Bu dönemde de ocak ayından mayıs ayına kadar Asya tarafında Bangladeş, Endonezya, Pakistan ve Hindistan'dan inanılmaz bir talep gördük. Buralardan yaklaşık yirmi milyona yakın yeni kullanıcı edindik. BiP şirketleşerek Turkcell'in ürünü olmaktan da çıktı. Şirketleşmenin ana motivasyonu bunu globalde de bir değer haline getirmek, globale yaygınlaştırmaktı. Bu yolda da emin adımlarla da ilerlediğimizi söyleyebilirim." ifadelerini kullandı.

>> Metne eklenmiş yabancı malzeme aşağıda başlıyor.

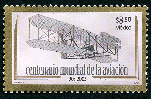 No. Scott: 2306 -- Año de Emisión: 2003 -- Valor Facial: $ 8.50 -- Multicolor -- Perforación: 13 -- Tipo de Impresión: Offset Timbre Postal Mexicano multicolor en la imagen se observa el avión elaborado por los hermanos Wright, mismo que fue una especie de túnel aerodinámico, construído con material muy pesado, motor de solo 12 caballos de fuerza, en la parte superior está escrito el valor facial de "$8.50", "MÉXICO", en la parte inferior "centenario mundial de la aviación 1903-2003" y "BARRANCA, TIEV, 2003". Para más información favor de dirigirse a biblioteca@mufi.org.mx

ABD ve Çin veriye sahip olabilmek için çatışma halindeler
Verinin dünyanın geleceğine yön verdiğine işaret eden Tansuğ, eskiden petrole sahip olan ya da petrolü işleyen ülkeler ön plandayken bugün veriye sahip olan, bu veriyi işleyen ülkelerin ön planda olduğunu belirtti. Dünyadaki teknoloji şirketlerinin yüzde 70'nin ABD'li, yüzde 25'nin de Çinli şirketlerden oluştuğuna vurgu yapan Tansuğ, şunları söyledi:
"Dünyada en değerli 10 şirketin 7 tanesi teknoloji şirketi. Bunlar da Amerikalı ve Çinli şirketler. Yani aslında Amerika ve Çin arasındaki teknoloji alanında yaşanan savaşları ve yaptırımları bu sayede anlayabiliyoruz. Veriye sahip olabilmek için birbirleriyle çatışmalar halindeler. Bizim de bu anlamda aslında ülke olarak Türkiye'nin verisinin Türkiye'de kalması prensibiyle hareket etmemiz gerekiyor. Sunduğumuz ürün ve hizmetleri bu prensipler doğrultusunda geliştirmemiz gerekiyor.
Kullanıcıların herhangi bir uygulamanın kimin tarafından geliştirildiğine bakması, uygulamayı kullanmaya başlamadan önce gizlilik politikasını okuması ve alınan izinlerin uygulama ile ilgili bir hizmetin sunulması için alınıp işlendiğine dikkat etmeleri lazım. Her şeyden önemlisi de kişisel verilerin üçüncü taraflar ile ticari veya farklı amaçlar için izinleri olmadan paylaşılmayacağından da emin olmaları gerekiyor. Tüm platformlar anlamında, yerli ve milli teknolojileri ürün ve uygulamaları ülkece milletçe destekliyor ve kullanıp teşvik ediyor olmamız gerekiyor."